## About this task
Your answer must be the exact lines of the listing below that run from the line with "晴空穹顶:约7米直径的穹顶,其核心价值在" to the line with "İqtisadi İslahatların Təhlili", ends included, and no pictures.

## Dataset excerpts

****************************************

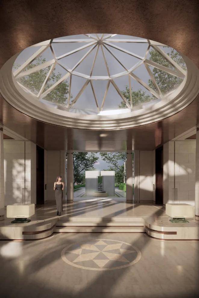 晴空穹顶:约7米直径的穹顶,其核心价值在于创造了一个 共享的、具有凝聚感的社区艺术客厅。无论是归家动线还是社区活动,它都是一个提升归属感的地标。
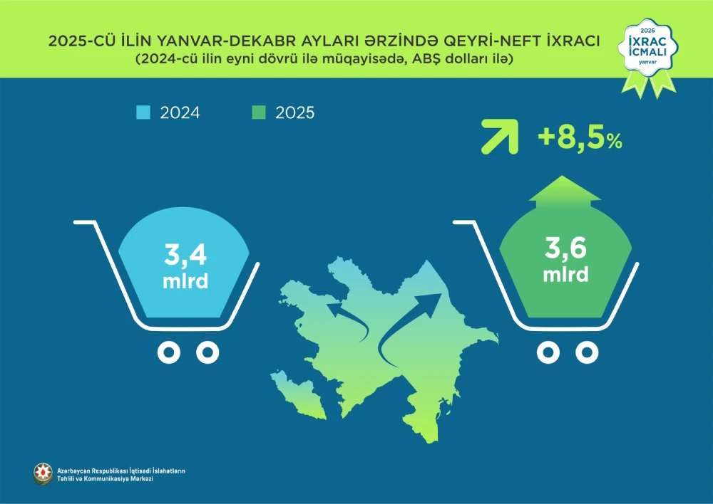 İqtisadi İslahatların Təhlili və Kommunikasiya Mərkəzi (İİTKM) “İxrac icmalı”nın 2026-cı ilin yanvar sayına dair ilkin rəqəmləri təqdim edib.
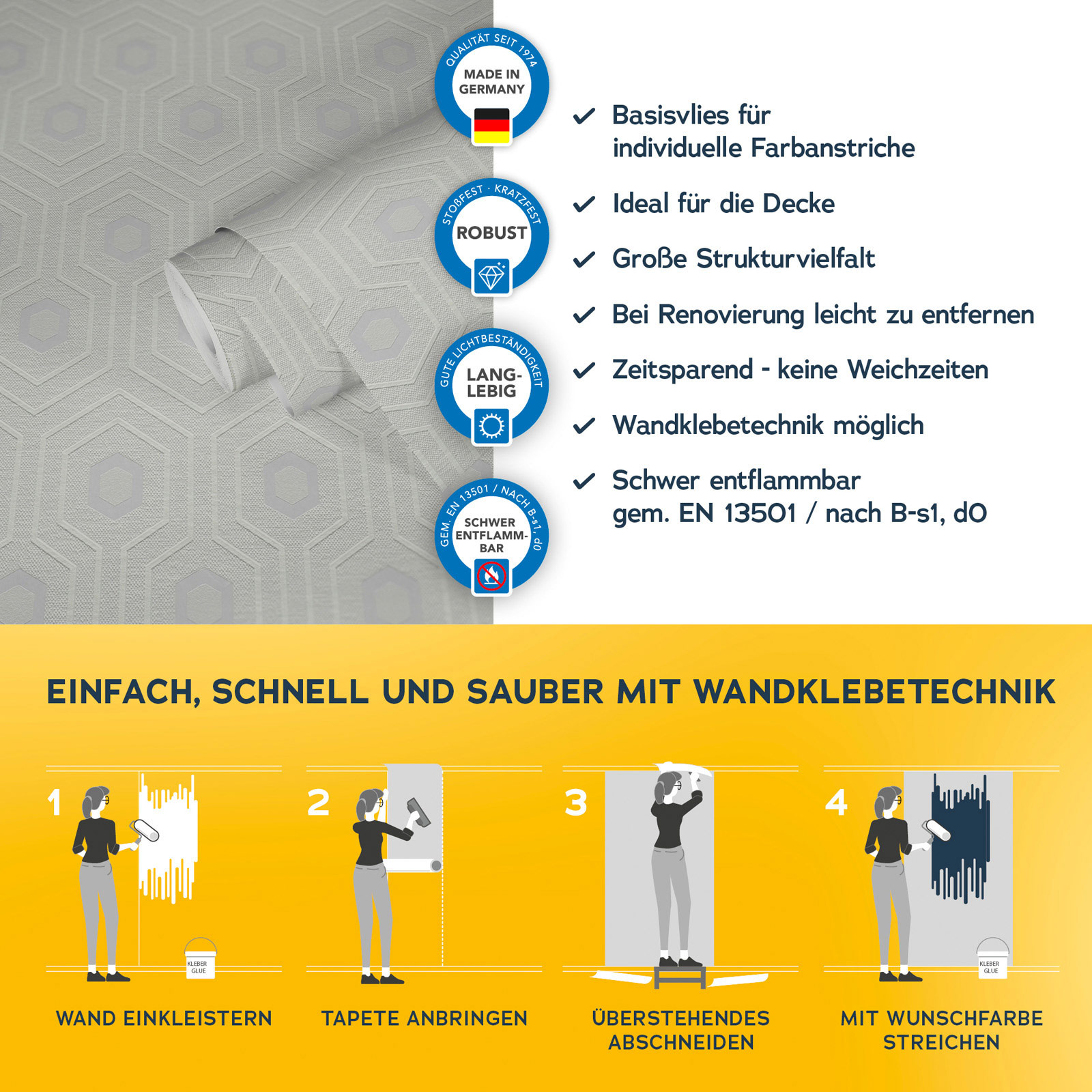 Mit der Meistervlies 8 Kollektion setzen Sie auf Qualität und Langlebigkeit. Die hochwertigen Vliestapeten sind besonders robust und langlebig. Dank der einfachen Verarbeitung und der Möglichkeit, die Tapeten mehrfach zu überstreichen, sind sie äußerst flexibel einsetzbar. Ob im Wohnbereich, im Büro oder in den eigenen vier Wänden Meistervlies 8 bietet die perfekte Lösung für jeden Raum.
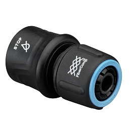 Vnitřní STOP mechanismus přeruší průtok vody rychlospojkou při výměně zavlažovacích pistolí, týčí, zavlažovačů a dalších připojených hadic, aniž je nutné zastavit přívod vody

****************************************

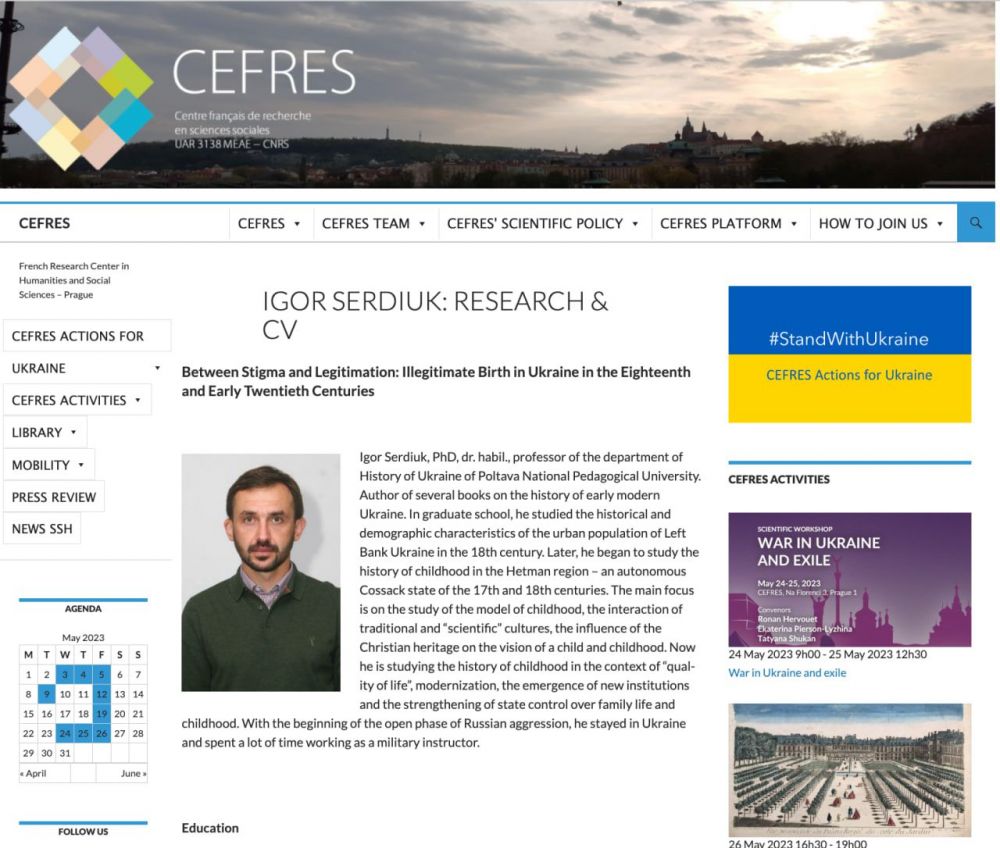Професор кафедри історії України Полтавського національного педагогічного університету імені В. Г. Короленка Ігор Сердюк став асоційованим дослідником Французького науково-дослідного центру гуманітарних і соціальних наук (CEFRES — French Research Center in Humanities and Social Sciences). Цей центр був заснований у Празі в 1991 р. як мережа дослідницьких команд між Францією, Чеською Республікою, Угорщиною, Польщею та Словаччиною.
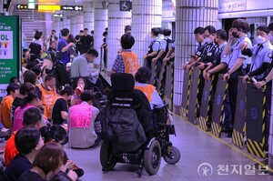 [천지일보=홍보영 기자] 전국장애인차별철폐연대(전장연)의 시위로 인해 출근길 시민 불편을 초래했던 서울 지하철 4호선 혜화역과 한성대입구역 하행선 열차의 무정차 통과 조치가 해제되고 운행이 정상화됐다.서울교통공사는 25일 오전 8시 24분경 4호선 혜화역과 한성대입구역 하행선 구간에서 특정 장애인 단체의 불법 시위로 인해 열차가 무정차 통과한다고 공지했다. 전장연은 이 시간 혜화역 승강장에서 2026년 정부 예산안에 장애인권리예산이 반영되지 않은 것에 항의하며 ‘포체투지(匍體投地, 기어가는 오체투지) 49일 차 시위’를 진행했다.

****************************************

## Solution to the exercise
 晴空穹顶:约7米直径的穹顶,其核心价值在于创造了一个 共享的、具有凝聚感的社区艺术客厅。无论是归家动线还是社区活动,它都是一个提升归属感的地标。
 İqtisadi İslahatların Təhlili və Kommunikasiya Mərkəzi (İİTKM) “İxrac icmalı”nın 2026-cı ilin yanvar sayına dair ilkin rəqəmləri təqdim edib.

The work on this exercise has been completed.